**What this task involves:** From the first line to the last, repeat the data exactly and drop the pictures.

━━━━━ Stored data

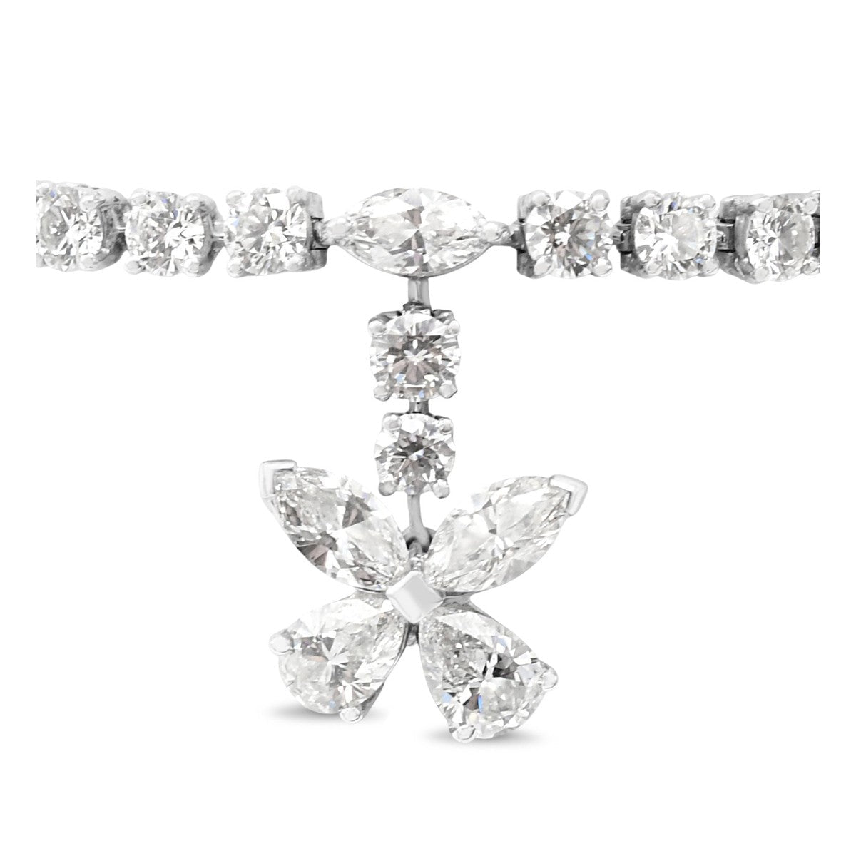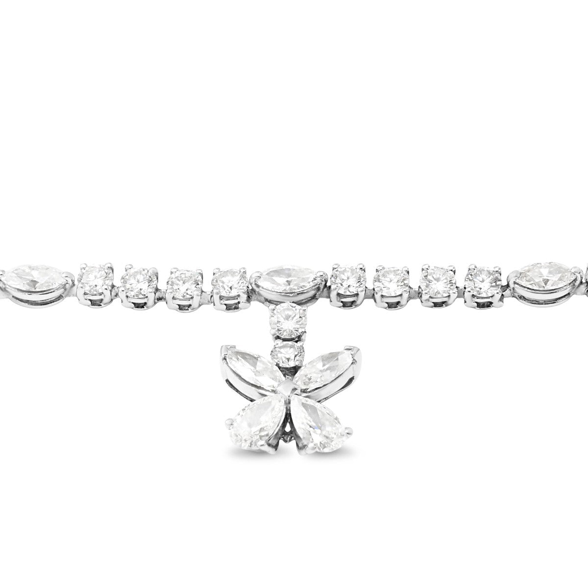 This exquisite Graff bracelet showcases masterful diamond craftsmanship with a total of approximately 7.4 carats of premium stones. The design features twenty-five brilliant cut diamonds complemented by eight marquise cuts and two elegant pear cuts, creating a sophisticated interplay of light and sparkle. Each diamond is graded D-F in colour with VVS1-VS1clarity, representing exceptional quality.
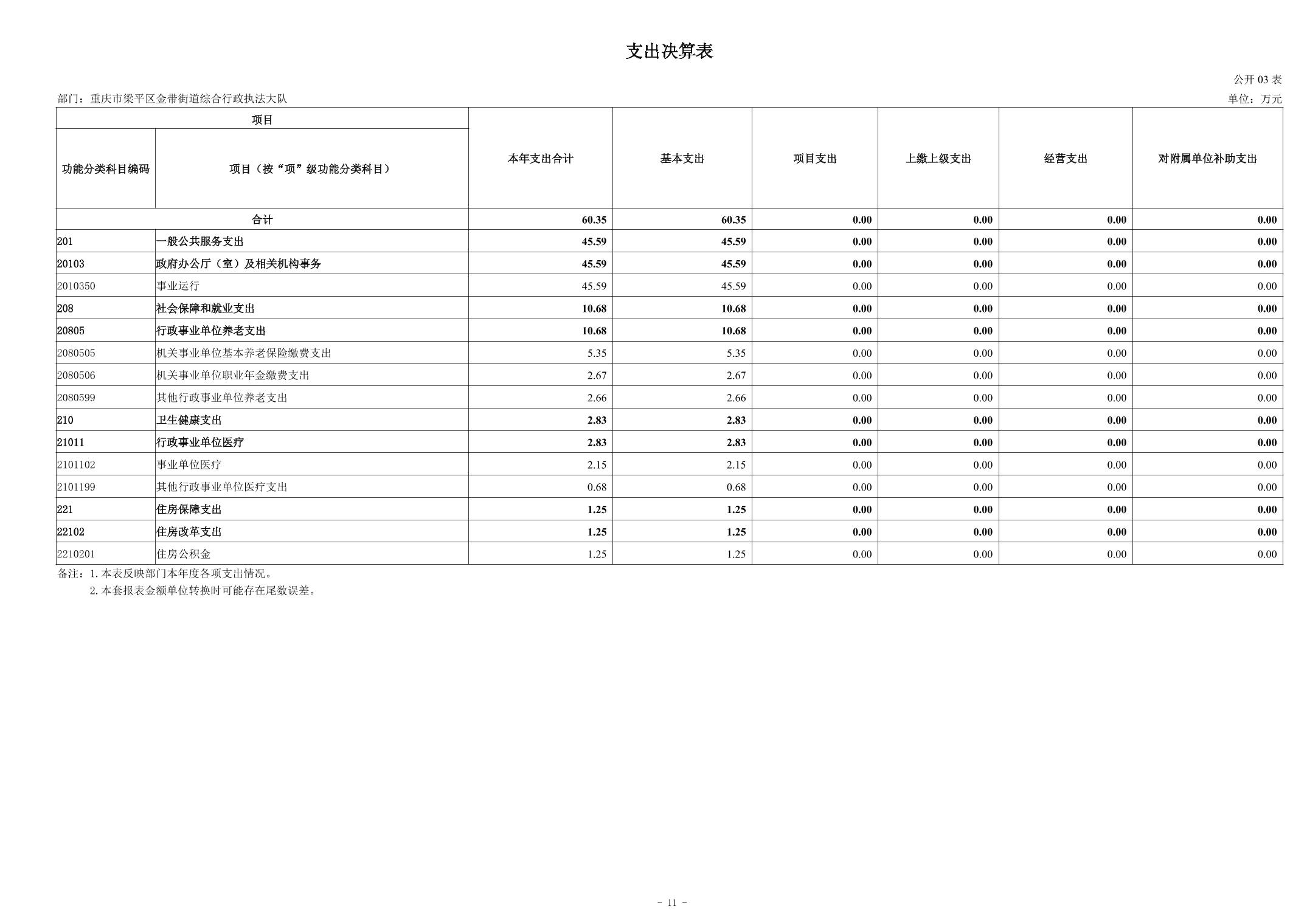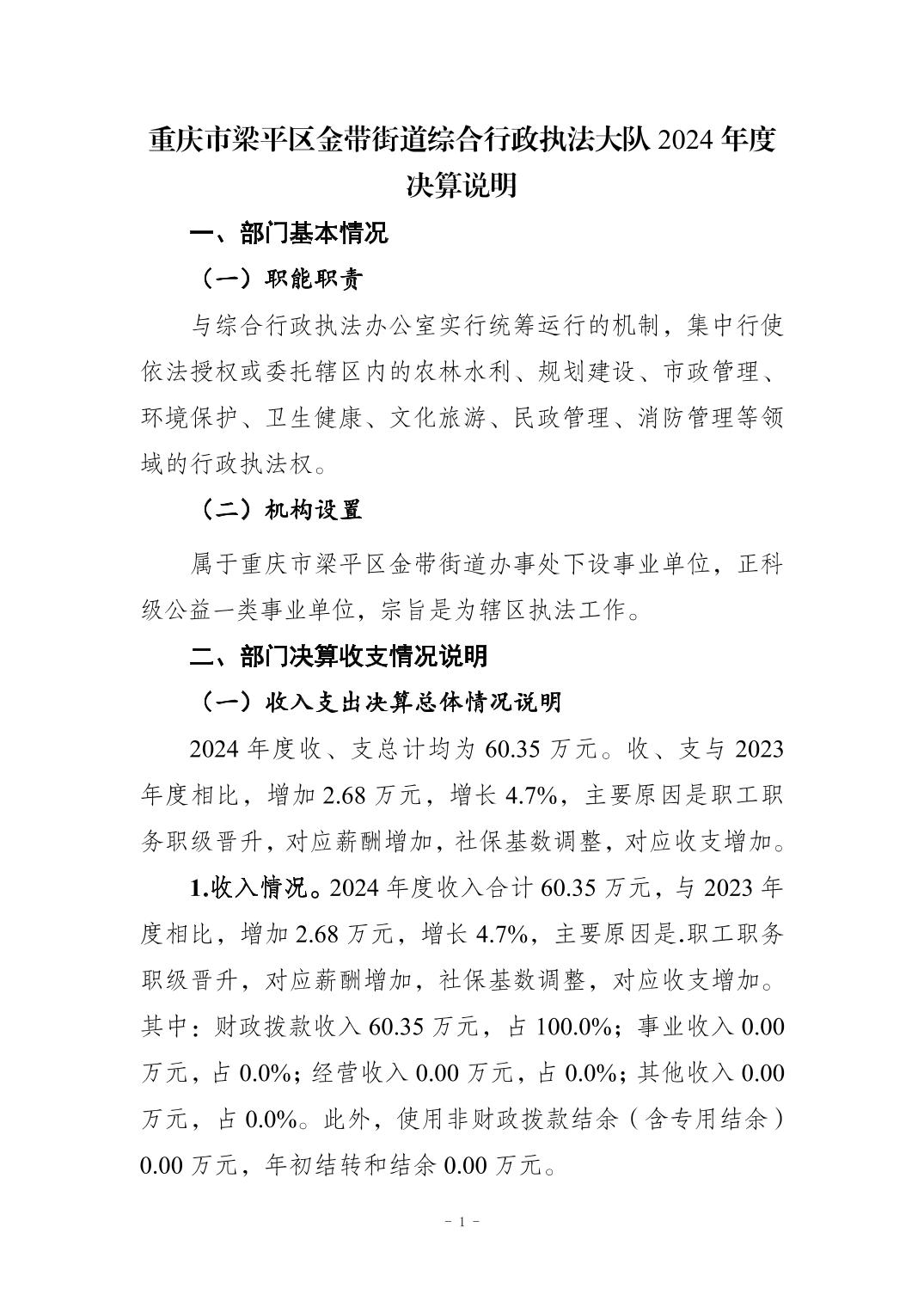 标题 | 重庆市梁平区金带街道综合行政执法大队2024年度决算说明 | ||
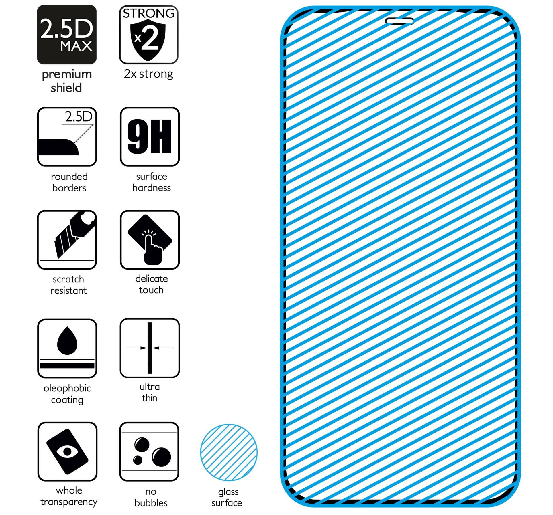 NOTE! Today, many modern smartphones have screens that have a slightly curved surface. The 2.5D MAX glass is larger than the classic 2.5D glass and at the same time slightly smaller than the 3D glass. So it is compatible with more smartphone cases.

━━━━━━━━━━

**Task response:**
 This exquisite Graff bracelet showcases masterful diamond craftsmanship with a total of approximately 7.4 carats of premium stones. The design features twenty-five brilliant cut diamonds complemented by eight marquise cuts and two elegant pear cuts, creating a sophisticated interplay of light and sparkle. Each diamond is graded D-F in colour with VVS1-VS1clarity, representing exceptional quality.
 标题 | 重庆市梁平区金带街道综合行政执法大队2024年度决算说明 | ||
 NOTE! Today, many modern smartphones have screens that have a slightly curved surface. The 2.5D MAX glass is larger than the classic 2.5D glass and at the same time slightly smaller than the 3D glass. So it is compatible with more smartphone cases.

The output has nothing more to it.